You can definitely catch a lot of 7 inch skinny perch here, don't expect a 7" erie perch.. 8 and up are definitely harder to come by this year. Monark, I was out in that snowstorm as well, fun times...easy drag too. The drive home sucked. Shore is is questionable now guys, and they are expecting rain tomorrow. Hopefully it will get cold again and firm back up. A guy went through the ice north of vikings yesterday, up to his waist.


----------



## RUDDER (Feb 5, 2005)

Chataqua ice is still good. They didn't get all this rain. Heading up there next weekend.


----------



## Wannabitawerm (Apr 13, 2004)

Was up Sunday with lightman south of bell tower. The snow is deep and the drag is a bear. Slush is getting to be a big problem. Fished in 22fow and manger a ticket. Released well over 100 fish while sorting. Orange jig tipped with a minnow head worked very well. The early bite was non stop until about noon, then we had to work for them. Took a ride north to lightmans buddy's house for coffee then back to the car for the ride home. Fishing was awesome but conditions are deteriorating. Be careful as there is easily a foot of snow and some places a foot of slush too. 

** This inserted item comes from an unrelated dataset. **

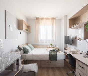 Studera, arbeta, skapa kontakter och känn dig som hemma.Utforska fler studentbostäder i Madrid🏡 Stylish Student Residence in Madrid's Plaza de España! 🛏️ About your private space: 🛏 Single exterior studio 120 cm bed Located on floors 0, 1, 2, or 3, with natural light and exterior exposure Kitchenette with microwave, sink, and refrigerator (NO kitchen with stoves) Study area with desk and ergonomic chair Smart TV Modern and functional private bathroom High-speed Wi-Fi 🍳 About the residence: This residence offers a range of amenities to enhance your university experience. Enjoy access to coworking spaces for focused study sessions, a gym to stay active, a cinema room for entertainment, and social lounges to connect with fellow students. Additional facilities include laundry services, secure bike parking, and 24/7 security to ensure your comfort and safety. 📍 About the area: Located in the heart of Madrid, just steps away from the iconic Plaza de España, this residence offers unparalleled access to the city's vibrant cultural scene. You'll find a variety of restaurants, cafes, shops, and cultural attractions nearby, providing a vibrant and enriching environment for students. Ready to embark on your academic journey in Madrid? This residence provides the perfect blend of comfort, convenience, and community to support your student life. HousingAnywhere is an online booking platform. Therefore, exchanging contact details and offering viewings is not possible before the booking. We look forward to meeting you! 📌 Images are illustrative and may not exactly reflect realit...

Ain't technology great? Now I can be distracted by fishing everywhere I go!


----------



## WiseEyes (Apr 7, 2010)

when are we going general.... O and did you check out my other thread in the NE forum


----------



## ErieRider (Mar 23, 2010)

Any one make it up there this past weekend? Heard the shore ice was questionable but once on the ice its not bad at all, about 12 inches. Wanted to head up next weekend but wanted a decent ice report first. Anyone know of a clean decent priced hotel? Wanted to be near hogan huts bait. Not all that familiar with the area so a decent hotel and ice report would be great. ER


----------



## Lightman (Jul 22, 2008)

ErieRider, there are a lot of smaller locally run places I am sure that may be cheaper, but the Jamestown Comfort Inn is maybe 5 miles or so past hogans hut on 86 and if you ask for the skier's special it's $65/night, incl free breakfast. 

Sam, that was a fun day out there. Conditions were definitely deteriorating quickly that day due to the warmup, but that just made the snowmobile blast across the lake that much more 'interesting'...especially near those creek mouths haha.


----------



## ErieRider (Mar 23, 2010)

Lightman. Thanks. Any condition reports from this past weekend???


----------



## Lightman (Jul 22, 2008)

From what I hear and read, the shore ice is degrading and planks may be necessary soon in many areas. Once off the shore ice there seems to be pretty good thickness still. I'm putting my stuff away for the season. With this week's rain forecasted there, I think it's probably pretty close to shot.


----------